Zizan Razak and Shaheizy Sam have agreed to reprise their roles, also returning to act in the third series of this film are Nora Danish and Eyka Farhana. Syafiq Kyle who is famous for TV dramas including Mencintaimu Mr. Photographer and Nur, playing the role of Inspector Dani. Also making this film successful are Michael Ang, Fauzi Nawawi, Ben Amir and Sharnaaz Ahmad.

The production of this film had been temporarily postponed due to the COVID-19 pandemic, which has resulted in the temporary suspension of all film and drama filming activities.

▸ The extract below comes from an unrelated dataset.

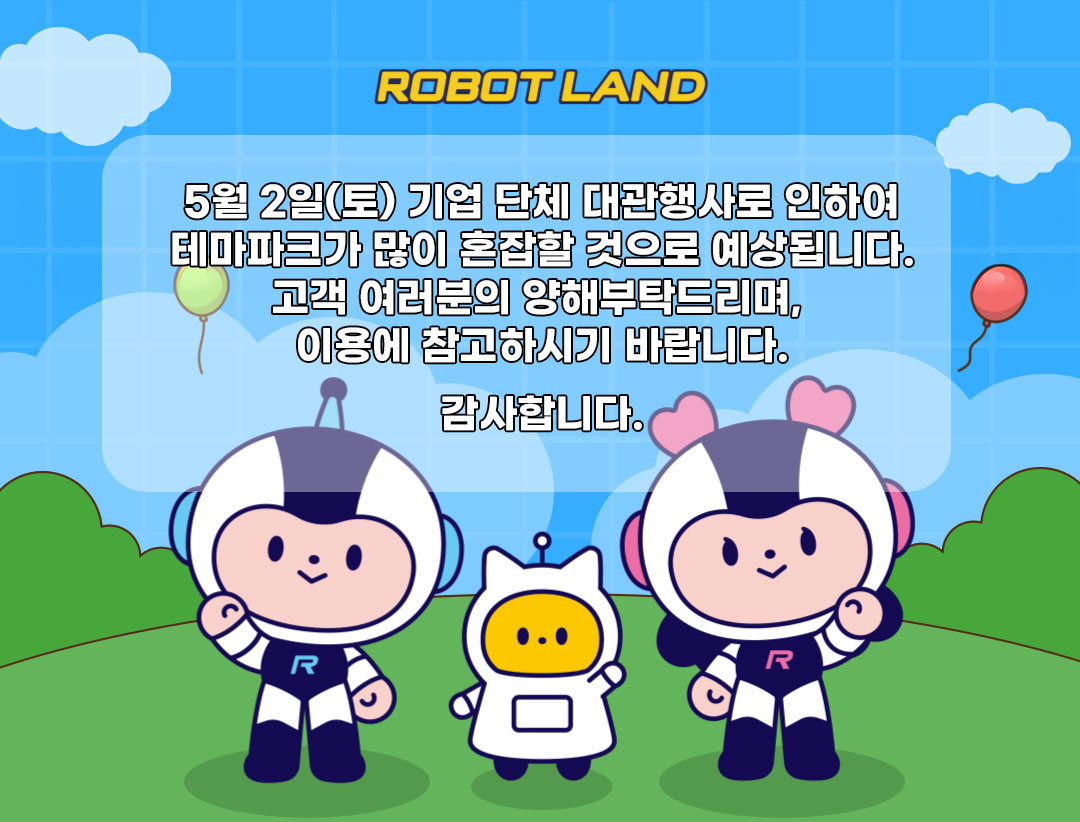 36개월 미만 이용시 무료로 로봇랜드 입장 및 놀이 기구 이용 가능합니다.

Filming was done around Kuala Lumpur and Selangor and the Bukit Bintang MRT station was also used as a bomb scene.

== Soundtrack ==
The official soundtrack for the movie Polis EVO 3 is "Ayuh" performed by Malique, Kmy Kmo, Ernie Zakri and Aman RA. It was released on April 13, 2023, which is the same day the movie trailer was released for the music video lyrics, and the official music video on May 19, 2023, six days before the full release on May 25.

==Output==

=== Screening ===
Following the spread of the COVID-19 pandemic in Malaysia which resulted in the closure of cinemas and the implementation of the Movement Control Order (MCO) carried out throughout the country, Datuk Yusof Haslam (executive producer of the film) announced that this film together with Abang Long Fadil 3 (also directed by Syafiq) has postponed its planned launch in early 2022. Unfortunately, this film was scheduled to release in Malaysia, Singapore and Brunei from 25 May 2023 after Eid al-Fitr, a week after Fast X and a week before Spider-Man: Across The Spider-Verse.

=== Marketing ===
On the launch of this film, Polis Evo 3 collaborated with PUBG Mobile by applying a special limited content pack themed to the film. A special edition action figure of this film was also released in collaboration with Astro Shaw, Rojak Daily and English Speaking Asians (ESA). This film mural by Abdul Rashade has been immortalized in Jalan Kamunting, Kuala Lumpur thanks to the support of Kuala Lumpur City Hall (DBKL). The mural launched by Raja Jastina Raja Arshad (head of Astro Shaw & Nusantara), Euan Daryl Smith (CEO of Astro), Zizan Razak and Shaheizy Sam.

== Reception ==

===Box office===

| Days of screening | Cumulative sales |
|---|---|
| Early screening (24 May) | RM 1.3 million (US$272,679) |
| 1 day (25 May) | RM 3.4 million (US$713,162) |
| 4 days (28 May) | RM16 million (US$3,356,057) |
| 7 days (31 May) | RM25 million (US$5,243,840) |
| 9 days (2 June) | RM30 million (US$6,292,608) |
| 12 days (6 June) | RM41 million (US$8,662,823) |
| 16 days (10 June) | RM45 million (US$9,438,912) |
| 24 days (18 June) | RM50 million (US$10,487,680) |
| 32 days (26 June) | RM52 million (US$10,907,187) |
| 56 days (20 July) | RM54 million (US$11,326,694) |

Polis Evo 3 reached RM3.4 million on the opening day of the release across Malaysia, Singapore and Brunei to beat out Fast X that release around. After 4 days, this film beat Syamsul Yusof's directed film, Mat Kilau: Kebangkitan Pahlawan (RM12.2 million after 4 days) for a box office record of RM16 million post-COVID 19 pandemic and behind another Syamsul's film, Munafik 2 (RM21 million after 4 days) for an overall record. After a week of screening, this film beat out its predecessor, Polis Evo 2, equals Abang Long Fadil 3 directed by Syafiq Yusof which was co-produced by Skop Productions and Astro Shaw and also beat out another box office record from Mat Kilau. This film managed to equal Astro Shaw's distributed animated film, BoBoiBoy Movie 2 by collecting RM30 million in just 9 days. After 2 weeks of screening, this film became Astro Shaw's number 1 box office film by collecting RM41 million; thus beating out Hantu Kak Limah and Mechamato Movie. On Father's Day, this film became the second film to reach the RM50 million mark after 24 days. The film kept rising until it reached RM54 million across 3 countries and RM50.11 million in Malaysia.

Astro collected an income of RM870 million for the second quarter for the financial year ends 31 January 2024. Some of that income was generated from this film and MALBATT: Misi Bakara (RM32.5 million as 18 September 2023) which both films were produced by Astro Shaw.